California has been the world's 4-6th largest economy for several decades. If taxes were as killer as you said they were, it would have flamed out decades ago.

Low tax jurisdictions have low taxes because they need to have low taxes in order to have any chance at competing with properly run economies like CA and NY. Midwestern states don't give out massive government subsidies out of the goodness of their hearts, they do it because the labor force is incompetent and they need to give out massive subsidies to get companies to put up with the huge inefficiencies of a poorly educated workforce that doesn't believe in science.

It looks like your business will learn all this the hard way.

1 comments

> It was their business

If it was there business that was the case before they left CA. If they leave CA because they think lower taxes alone will help them, they are dead businesses walking. Moving won't help them at all.

> It's immediately apparent from you blaming "underlying costs"

Sure. Sure.

You are focusing on taxes. There's so much more to the issue than just taxes. In fact, I would say lower taxes is just gravy. The structural issues in CA are very serious. If you really want to understand, watch the video I linked. That's just a starting point, BTW.

> for example, your rooftop solar complaint

I guess you don't understand solar either.

Here's a bit of useful advice:

Take your own money. Start a non-trivial business in CA and learn about business reality.

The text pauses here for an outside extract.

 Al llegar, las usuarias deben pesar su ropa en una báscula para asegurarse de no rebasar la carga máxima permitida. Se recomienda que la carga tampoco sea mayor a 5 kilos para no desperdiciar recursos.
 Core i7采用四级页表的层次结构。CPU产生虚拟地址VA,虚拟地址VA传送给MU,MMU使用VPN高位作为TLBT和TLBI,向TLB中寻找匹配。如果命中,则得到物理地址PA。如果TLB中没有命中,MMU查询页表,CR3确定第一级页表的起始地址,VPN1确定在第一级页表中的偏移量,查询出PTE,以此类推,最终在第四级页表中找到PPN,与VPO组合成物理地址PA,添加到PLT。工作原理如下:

At the same time, take your own money, install a solar system on your home and then learn about the realities of solar as well.

My favorite saying, often attributed to Mark Twain: A man holding a cat by the tail learns something he can learn in no other way.

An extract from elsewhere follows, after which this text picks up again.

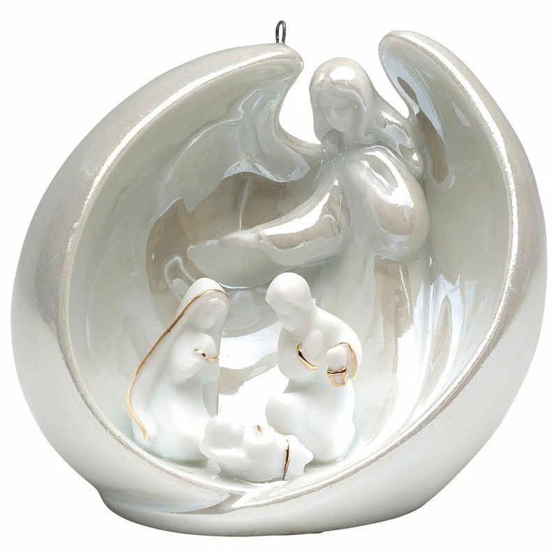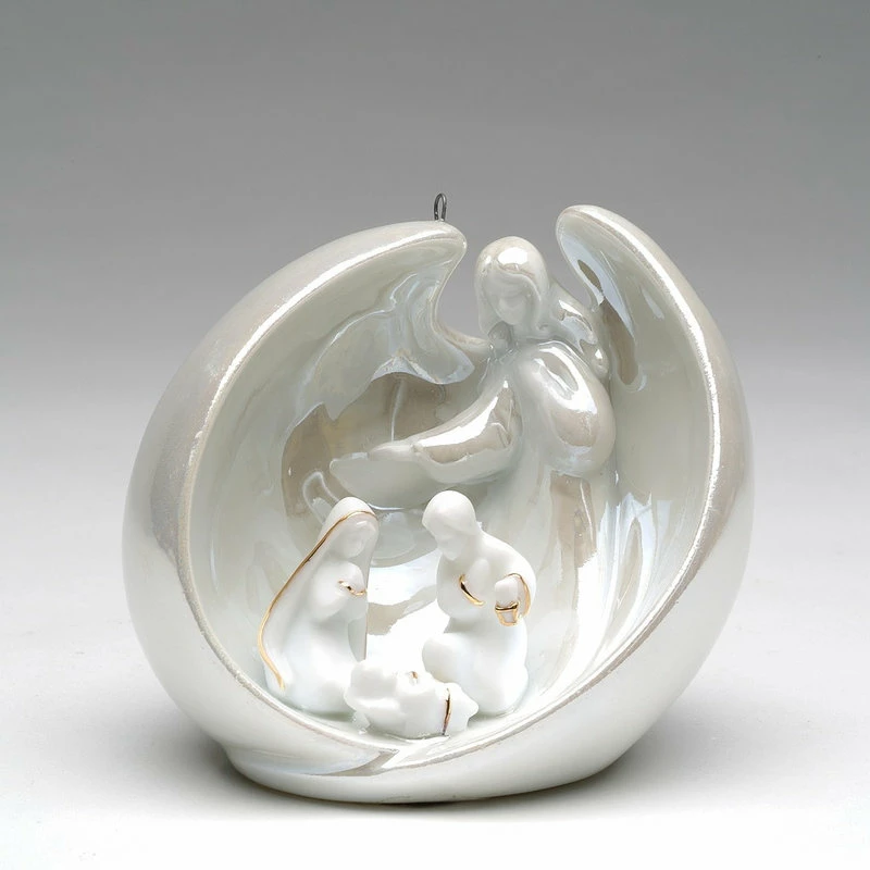 You’ll look forward to decorating your Christmas tree with this holy family heavenly angel nativity ornament year after year. It looks absolutely beautiful on any Christmas tree.. Measures 3 1/4 x 3 x 2 1/2 inches. Made of porcelain. Gift boxed, imported

Most people think they "know", when they really don't. This is seen all the time on HN and other online forums where people love to voice strong opinions on everything, whether they know anything about it or not. It would be funny, except when people have the right to vote on things they truly aren't qualified to understand. It would be like me voting on issues of medical science. Not qualified. At least I am honest enough to understand and admit this.

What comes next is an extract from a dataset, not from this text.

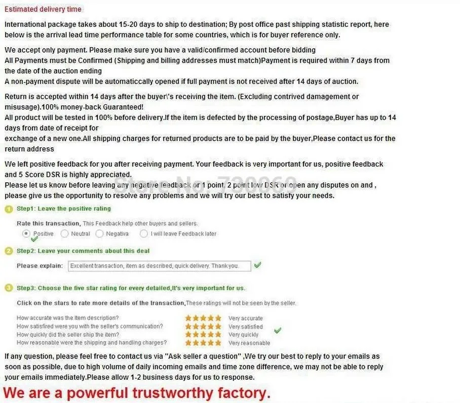 If the product you receive is not as described or low quality, the seller promises that you may return it before order completion (when you click "Confirm Order Received" or exceed confirmation timeframe) and receive a full refund. The return shipping fee will be paid by you. Or, you can choose to keep the product and agree the refund amount directly with the seller.N.B.: If the seller provides the "Longer Protection" service on this product, you may ask for refund up to 15 days after order completion.
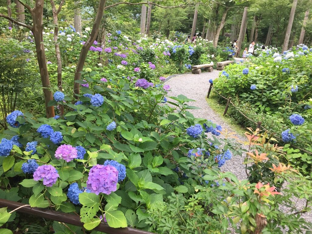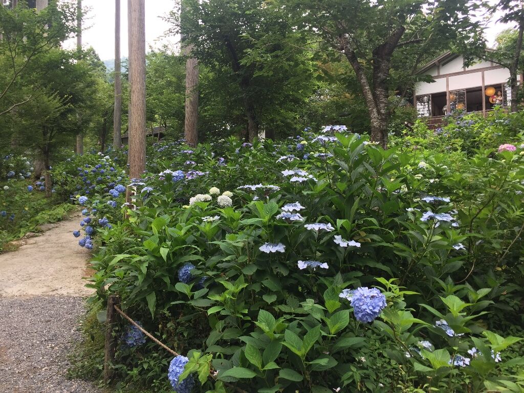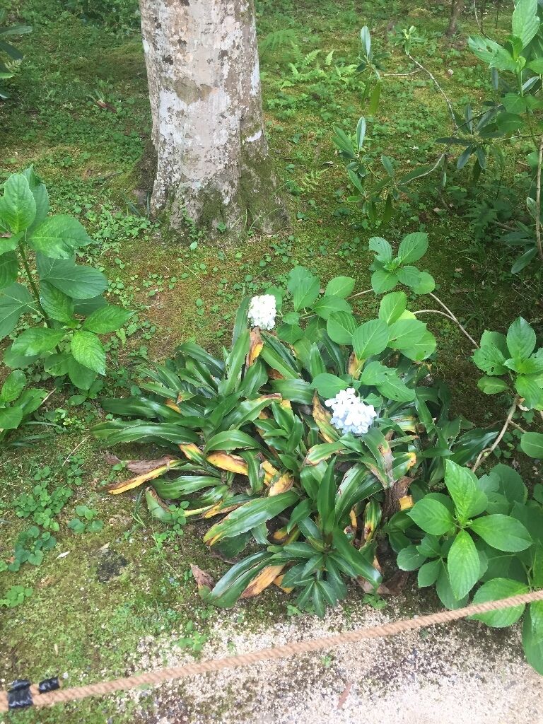 京都 大原 三千院のおもと 紫陽花 アジサイの中のおもと 力強く群生していました

My clients included startups and real businesses at every stage in the business cycle. I am now in house and until involved in running a profitable business. The video you linked is just clickbait FUD; structural issues are way worse in the Southeast states that businesses claim to love. (But without massive government subsidies, businesses don't naturally choose to be in those states... hmmm....)

I clearly know more about running a business than you in the state is California.

If you're truly having this much trouble running your business in CA I suggest reaching out to your local chamber of commerce for support.

This is hilarious. There are literally thousands of businesses doing very well after moving out of CA and you think you know better because you run Quickbooks. As if nobody can run a great business anywhere outside CA. Please.
Lol, I don't use Quickbooks, though several of my former startup clients did. One of them had profits of about $3xx million last year on sales of roughly $2 billion, and they're still using Quickbooks. Quickbooks is a lot more powerful than people think it is, though at that size they really should be considering Fusion instead, or even upgrading directly to SAP or Oracle if they foresee needing that sort of complexity.

My client base of successful California companies exceeded the value of the companies fleeing California by about several hundred billion dollars. Post-COVID, the CA companies are even more valuable than the ones that fled California when they couldn't cut it in a competitive capitalist environment. But yes, you're right that companies that took government handouts from other states to leave CA are surviving off those governments handouts.

However, you're just embarrassing yourself. You've been whining on HN about your company leaving California for a few years now, it's pretty clear that at this point your company has evaluated that option and determined it was actually a stupid thing to do. It's like Elon Musk's "first order thinking": leaving California sounds great on paper until you actually look at the numbers and discover that it doesn't solve anything and actually makes things worse.